Pull Ties offer a simple solution to a common problem
By Ben Coxworth
February 18, 2011
Scientists may be working on things like increasing the efficiency of solar cells, finding new methods of filtering water and growing hardier strains of wheat, but they have been woefully neglecting one important task for decades ... creating a better way of closing plastic bags. Currently, options include twist ties, spring-loaded clips, plastic tabs and zip-lock bags. The first three of those aren’t particularly sturdy, while it’s often difficult to get zip-locks to seal properly. Perhaps, however, all of us frustrated plastic-baggers might have better luck with the recently-released Pull Ties.
As with many inventors, Pull Ties creator Brian Fried came up with the idea through his own personal experience. “It was late one night and I opened the fridge and pulled out the bag of bagels that were wide open and stale,” he recalled. “Then I went to grab a piece of bread from the loaf and I was twisting and turning the twist tie and got annoyed. I went up to my bedroom and found one of those drawer locks for babies and thought if I could make that out of a flexible material ... I took the idea of the button release from the drawstring on a pair of sweatpants and figured it could be the part that slides up and down the track. Made a drawing of what I wanted, spoke to my product designer to make up a 2D drawing and discussed with my factory how the slider would stop and stay in place on track without sliding. And it worked.”
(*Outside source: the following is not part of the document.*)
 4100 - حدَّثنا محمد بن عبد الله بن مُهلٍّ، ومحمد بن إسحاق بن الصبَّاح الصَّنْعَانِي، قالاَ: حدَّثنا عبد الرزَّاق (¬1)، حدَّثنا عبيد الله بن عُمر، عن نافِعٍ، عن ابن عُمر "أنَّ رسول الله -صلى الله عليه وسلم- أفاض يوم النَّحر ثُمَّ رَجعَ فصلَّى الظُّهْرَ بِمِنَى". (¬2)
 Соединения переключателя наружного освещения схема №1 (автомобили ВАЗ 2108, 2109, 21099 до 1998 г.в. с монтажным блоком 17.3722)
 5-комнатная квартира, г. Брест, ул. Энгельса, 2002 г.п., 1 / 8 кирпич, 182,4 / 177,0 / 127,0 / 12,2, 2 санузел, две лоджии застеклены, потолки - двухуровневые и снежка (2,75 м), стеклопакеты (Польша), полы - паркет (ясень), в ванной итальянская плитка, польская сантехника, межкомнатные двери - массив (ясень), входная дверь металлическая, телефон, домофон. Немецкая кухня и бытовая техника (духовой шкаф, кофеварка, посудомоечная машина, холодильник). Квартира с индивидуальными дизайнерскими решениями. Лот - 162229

Each Pull Tie is essentially a long narrow semi-rigid plastic loop, with both sides running through the described sweat pants-style slider. Users pull the top of a plastic bag through that loop, move the slider down until it cinches up tight against the bag, then lock it in place by releasing its button. Each tie also has a ring at the top, both for holding onto it while tightening, and for carrying the bag once it’s on – they are said to be able to carry up to 15 pounds (6.8 kg) without slipping off.
Pull Ties are dishwasher- and freezer-safe, and available through the company website. They cost US$13 for a package of ten.